Hay algunas diferencias críticas entre las dos administraciones en cómo se está persiguiendo esto. Mientras que Trump manejó la política exterior estadounidense en términos de "quid-pro-quo", haciendo hincapié en la filosofía de "América primero", la administración de Biden no ve la oportunidad a través de guerras comerciales o regateos, sino a través de la escalada del conflicto geopolítico. El equipo de Biden está sacrificando la estabilidad en todos los frentes en aras del poder. Como tal, la Casa Blanca de Biden, a pesar de la adulación sobre los puestos de trabajo y la prosperidad de Estados Unidos, no ha pensado en nada acerca de la ruptura de las cadenas de suministro mundiales, el aumento de los precios, la aceleración de la confrontación de bloques geopolíticos, la búsqueda de sanciones a gran escala y el azuzamiento de la incertidumbre mundial para obtener ganancias hegemónicas.

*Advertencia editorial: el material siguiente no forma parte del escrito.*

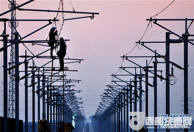 中鐵電氣化局集團的施工人員在濟青高鐵臨淄北至青州區(qū)間進行接觸網(wǎng)作業(yè)(11月26日攝)。濟青高鐵預(yù)計將于2018年底建成通車,屆時濟南至青島最快一小時即可抵達。
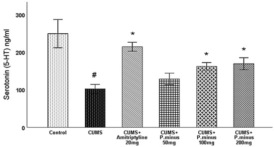 Effects of P. minus aqueous extract on Serotonin (5-HT) level(ng/mL) in CUMS induced depressive mice. # (p < 0.05), vs. Control group; * (p < 0.05), vs. CUMS group, (n = 6).
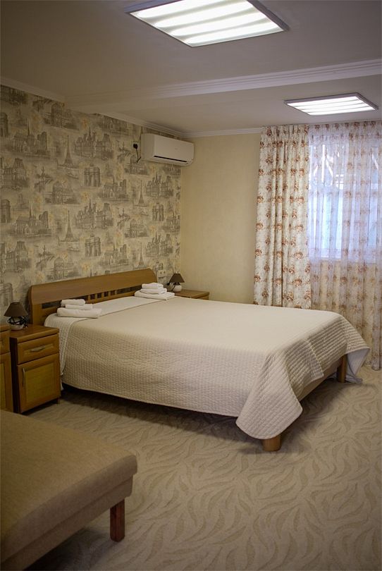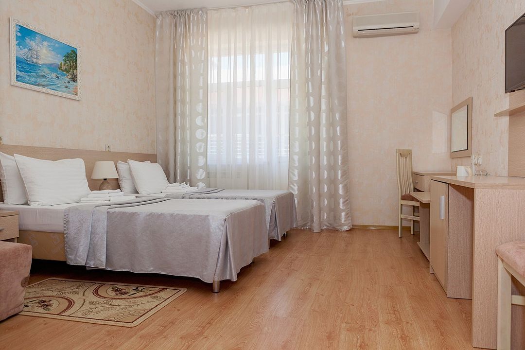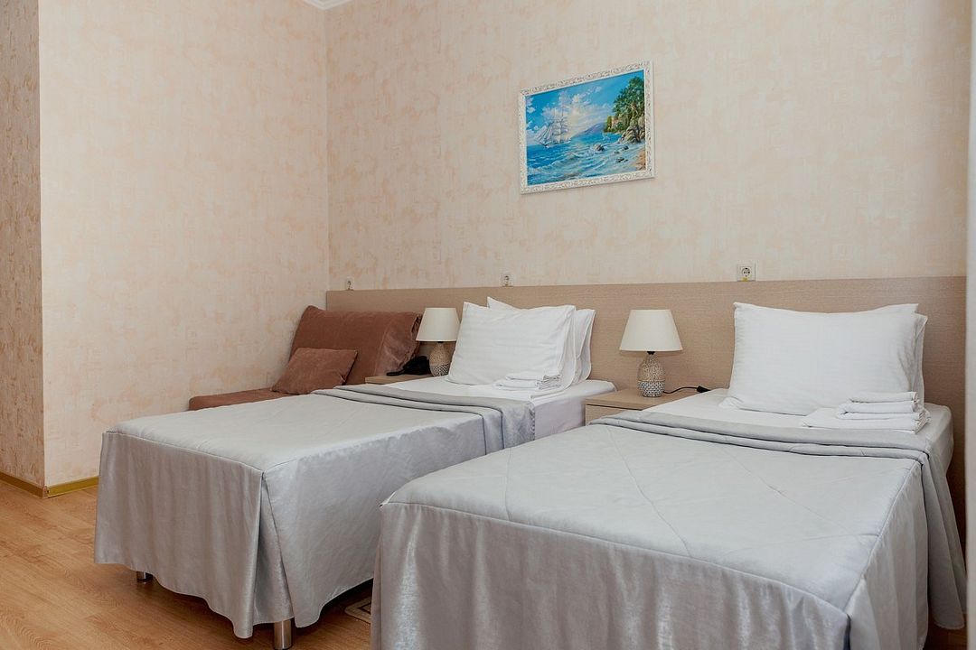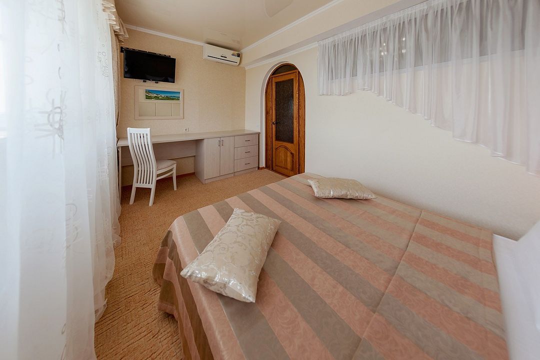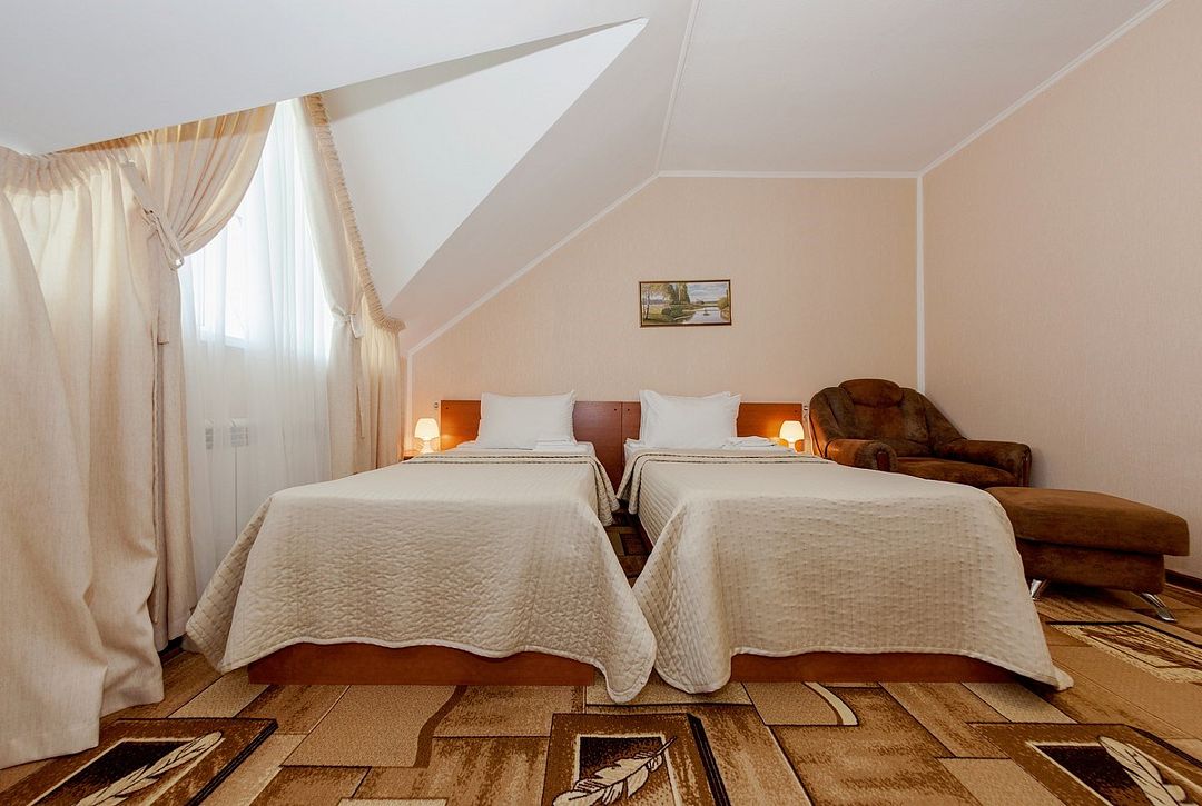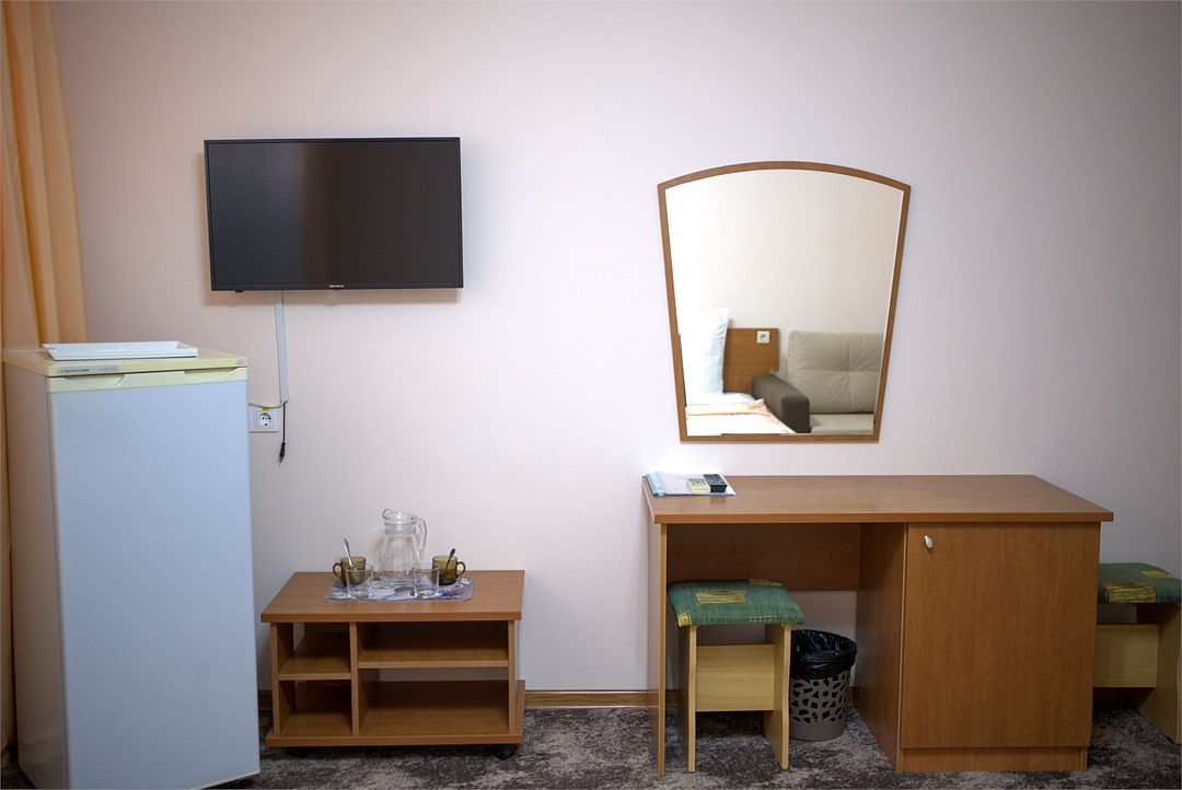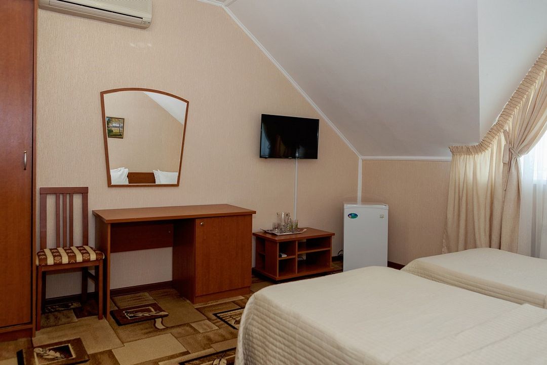 Комфортный однокомнатный стандартный номер без балкона с возможностью размещения до 3-4 человек. Расположены номера в 4 корпусе на цокольном этаже (есть отдельный вход), на мансардном этаже (5 этаж, имеется лифт). Оптимально для отдыха семьи с размещением 1 гостя на кресло-кровати и 4-е дополнительное место на еврораскладушке или детской кроватки. Комплектация номера: две односпальные кровати, кресло-кровать, детская кроватка, сплит-система, холодильник, телевизор, телефон. Санузел: душевая кабина, косметические принадлежности, фен.Услуги и удобства

Aunque Trump era hiperdramático, se preocupaba por los mercados y el crecimiento, y también sabía cuándo transigir. Rodeado de neoconservadores como Mike Pompeo en la política referente a China, estaba más interesado en llegar a acuerdos con Pekín en interés de Estados Unidos y podía restringirlos si así lo deseaba. A Biden, en cambio, no le importa nada y no tiene cortapisas. Por supuesto, puede que luzca una sonrisa, puede que no insulte a la gente en Twitter, pero es esta fachada la que oculta la peligrosa formulación de políticas en la Casa Blanca, que en realidad ha dejado a los estadounidenses en peor situación de la que Trump jamás consiguió.

Parece poco probable, dadas las circunstancias, que Trump hubiera permitido alguna vez que se produjera la guerra entre Rusia y Ucrania, y él ha dejado claro en múltiples ocasiones que, si fuera presidente, esto no habría sucedido.

En cierto modo, la total incompetencia de la oposición ha permitido a Biden, a pesar de las terribles circunstancias, tener también una suerte increíble. Para ser un presidente con bajos índices de aprobación, que supervisa una situación económica calamitosa, cayó de pie en las elecciones de mitad de mandato de noviembre, y su partido incluso se hizo con el control del Senado.

El hecho de que siga proclamando victorias donde no las hay sólo es indicativo de cómo Estados Unidos sufre un déficit de liderazgo. En este sentido, las metodologías de Biden y Trump pueden diferir, pero ambos son producto del mismo sistema disfuncional que premia la falsedad y, en última instancia, se centra en la calificación política nacional a diferencia de los resultados reales. Si las cosas han cambiado algo en Estados Unidos durante los dos años de mandato de Biden, en última instancia han cambiado para peor y suponen una amenaza para el mundo en su conjunto.

Sin embargo, nunca lo creerías si te sentaras a ver su discurso sobre el Estado de la Unión.